TASK INPUT →

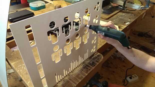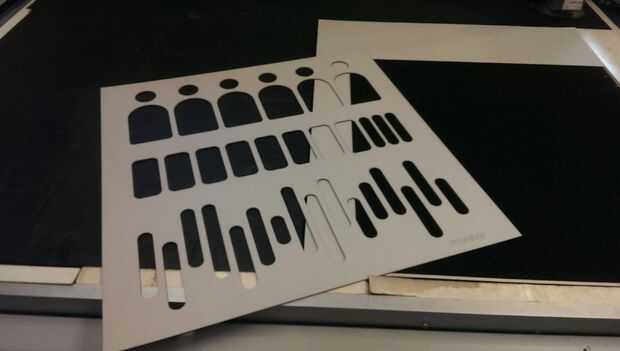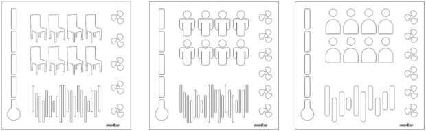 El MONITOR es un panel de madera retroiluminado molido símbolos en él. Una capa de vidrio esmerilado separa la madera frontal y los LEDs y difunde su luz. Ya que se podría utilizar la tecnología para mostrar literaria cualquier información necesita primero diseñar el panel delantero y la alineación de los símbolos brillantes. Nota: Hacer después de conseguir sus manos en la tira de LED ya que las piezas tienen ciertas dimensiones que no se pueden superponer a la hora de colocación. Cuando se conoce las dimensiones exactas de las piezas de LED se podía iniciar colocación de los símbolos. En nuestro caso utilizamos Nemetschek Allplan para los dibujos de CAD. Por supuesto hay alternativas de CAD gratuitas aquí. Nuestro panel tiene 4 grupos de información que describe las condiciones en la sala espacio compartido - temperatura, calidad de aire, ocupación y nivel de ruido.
==
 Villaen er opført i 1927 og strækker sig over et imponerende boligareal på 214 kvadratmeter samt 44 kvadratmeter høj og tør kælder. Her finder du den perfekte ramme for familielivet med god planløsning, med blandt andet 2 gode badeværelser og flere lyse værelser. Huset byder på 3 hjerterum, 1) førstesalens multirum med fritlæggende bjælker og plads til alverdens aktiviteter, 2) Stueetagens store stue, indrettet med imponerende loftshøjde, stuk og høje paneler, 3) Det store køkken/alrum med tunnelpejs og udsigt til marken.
--
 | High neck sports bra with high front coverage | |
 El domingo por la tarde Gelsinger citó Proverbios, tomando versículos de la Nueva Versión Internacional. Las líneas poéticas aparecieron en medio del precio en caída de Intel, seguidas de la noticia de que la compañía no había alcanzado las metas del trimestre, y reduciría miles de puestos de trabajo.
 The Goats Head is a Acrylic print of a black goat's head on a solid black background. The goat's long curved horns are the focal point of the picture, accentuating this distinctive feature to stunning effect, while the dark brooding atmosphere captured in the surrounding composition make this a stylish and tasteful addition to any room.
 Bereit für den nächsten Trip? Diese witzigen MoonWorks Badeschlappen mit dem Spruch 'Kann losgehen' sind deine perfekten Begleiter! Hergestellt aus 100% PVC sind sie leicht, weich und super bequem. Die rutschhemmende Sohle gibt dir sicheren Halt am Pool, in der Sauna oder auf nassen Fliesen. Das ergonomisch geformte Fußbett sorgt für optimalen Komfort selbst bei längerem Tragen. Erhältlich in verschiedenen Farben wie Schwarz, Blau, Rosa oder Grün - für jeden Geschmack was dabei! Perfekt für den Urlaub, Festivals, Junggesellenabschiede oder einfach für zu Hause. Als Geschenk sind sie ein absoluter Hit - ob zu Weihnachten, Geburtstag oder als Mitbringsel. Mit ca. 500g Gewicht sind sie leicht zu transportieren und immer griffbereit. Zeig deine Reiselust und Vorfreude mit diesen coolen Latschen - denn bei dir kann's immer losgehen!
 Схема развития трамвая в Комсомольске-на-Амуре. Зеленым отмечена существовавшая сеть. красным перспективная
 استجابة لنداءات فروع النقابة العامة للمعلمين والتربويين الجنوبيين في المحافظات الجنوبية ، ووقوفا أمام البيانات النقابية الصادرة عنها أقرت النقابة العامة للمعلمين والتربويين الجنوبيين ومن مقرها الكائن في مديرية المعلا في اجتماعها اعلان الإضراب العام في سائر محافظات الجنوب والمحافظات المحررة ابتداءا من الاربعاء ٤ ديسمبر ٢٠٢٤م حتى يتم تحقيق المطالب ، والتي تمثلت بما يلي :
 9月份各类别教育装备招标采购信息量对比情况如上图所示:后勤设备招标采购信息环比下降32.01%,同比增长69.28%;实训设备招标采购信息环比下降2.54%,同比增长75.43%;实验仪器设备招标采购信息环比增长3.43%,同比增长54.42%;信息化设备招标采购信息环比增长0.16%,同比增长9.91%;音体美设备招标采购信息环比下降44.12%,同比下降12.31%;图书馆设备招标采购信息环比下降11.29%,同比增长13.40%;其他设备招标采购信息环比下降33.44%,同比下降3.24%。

WHAT NEEDS TO BE DONE → Everything from the line with "El domingo por" through the line with "The Goats Head" should be written out exactly as it appears above, end lines included, and nothing outside that range.

SOLUTION FOR THIS TASK →
 El domingo por la tarde Gelsinger citó Proverbios, tomando versículos de la Nueva Versión Internacional. Las líneas poéticas aparecieron en medio del precio en caída de Intel, seguidas de la noticia de que la compañía no había alcanzado las metas del trimestre, y reduciría miles de puestos de trabajo.
 The Goats Head is a Acrylic print of a black goat's head on a solid black background. The goat's long curved horns are the focal point of the picture, accentuating this distinctive feature to stunning effect, while the dark brooding atmosphere captured in the surrounding composition make this a stylish and tasteful addition to any room.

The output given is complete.